What does "pure raw metal" performance mean? Go has a garbage collector, which I usually hear causing GC pauses negatively affecting performance compared to C/C++/Rust.

ivape•10mo ago
pure raw metal

It means exactly what it means. If I get a pure bare metal server, will that computer simply handle more requests than a Go or a Node server (assuming the same single-threaded paradigm)? That's the only reason I'd ever consider moving away from the ergonomics of something like Node or Python, if my bare metal server can save me money by simply handling more requests with less cpu/memory.

Edit:

Thanks for that link though, just got turned onto this:

https://github.com/uNetworking/uWebSockets/blob/master/misc/...

deathanatos•10mo ago
> That's the only reason I'd ever consider moving away from the ergonomics of something like Node or Python, if my bare metal server can save me money by simply handling more requests with less cpu/memory.

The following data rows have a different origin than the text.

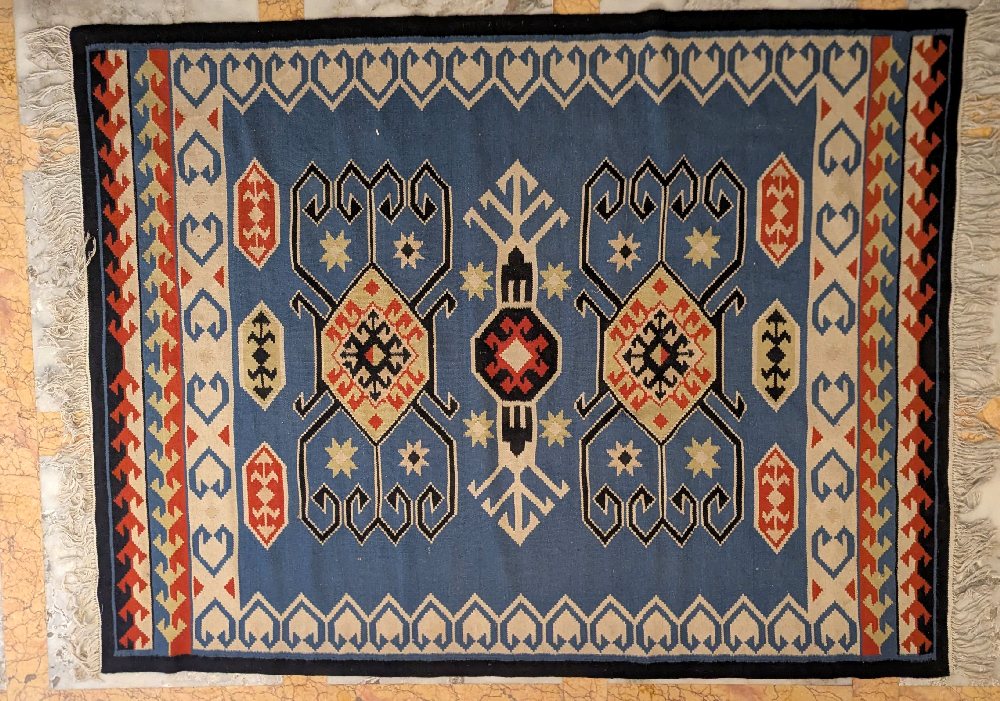 Albanian blue hand woven rug, blue / red/ beige geometric pattern, 200 x 152cm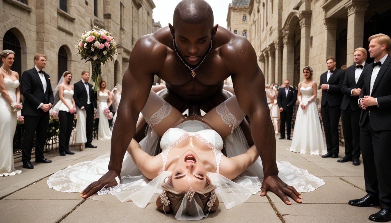 hermione as wedding bride, detailed face, full lips, blonde hair, hairbun, conservative white wedding dress, garter belt and sheer brown stockings, Louboutin conservative high heels, dress lift up, red lips in face, hourglass figure, wedding flowers, wedding bouquet, huge wedding cake, surprised, wide open mouth, hands holding her boobs, (interracial demon sex: 1.3), fucked by an aggressive large humanoid goat demon, surprised, missionary(3rd person)sex, sitting on a stone altar, rough fucking sex, legs spread wide, dark hairy pussy, rough sex, deep penetration, humanoid goat demon gritting teeth, monster has aggressive look, cum dripping down thighs, hard fucking, outdoors, flowering meadow, wedding guests watching, many people around, late afternoon, long deep shadows, specular lighting, creampie, impregnation, full body view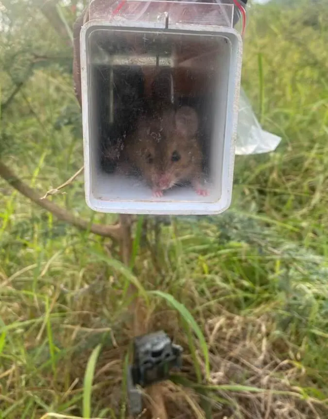Image 3: A mouse found trapped during one of our early morning inspections of the traps

… but what does the "bare metal server" have to do with it? Presumably, Occam's Razor would suggest that a Rust framework that outperforms Go on a VM would likely continue to outperform it on a bare metal. The bare metal machine might outperform a VM, but these are most two orthogonal, unrelated axes: bare metal vs. VM, or a Rust framework vs. a Go or Node framework…

ivape•10mo ago
It's a base case. We can use VM if you like, I just went further. We can go even further, will it simply be faster on my laptop compared to the others? I have a real use case for running a highly performant server locally so as not to hamper the user with extra resource usage.
satvikpendem•10mo ago
Yes, it will handle more requests than Node or Go.
remram•10mo ago
How does a computer handle requests without running software? That software has to be written in a programming language.
koakuma-chan•10mo ago
I wouldn't cite tech empower since they only benchmark HTTP/1.1
mtndew4brkfst•10mo ago
It's historically been heavily gamed as well, so it's not much better than a thumb in the wind. Good and bad results might both be due to very non-idiomatic non-representative code there. Both the false positive/negative outcomes have happened in the past, then been fixed after recognition and feedback.

IIRC TechEmpower contributed indirectly to the controversy about actix-web and its use of Rust unsafe keyword.

M4v3R•10mo ago
After creating two non trivial desktop apps with Tauri framework which is Rust-based I would not consider using a Rust web framework. Web development is too dynamic and messy in my opinion, and Rust slows you down too much.

It’s for the same reason that some people are leaving Rust behind when it comes to game development after the initial excitement fades and problems start.

Now I do understand that there are cases where this might be viable (for example if you already have a team of experienced Rust developers) but I think in majority of cases you would not want to use Rust for web development.

Klonoar•10mo ago
You're talking about a very different type of application than what the thread is discussing (server development, not overall web development - i.e not Tauri/Leptos/etc).
satvikpendem•10mo ago
This is a backend framework not a frontend/fullstack one like Tauri.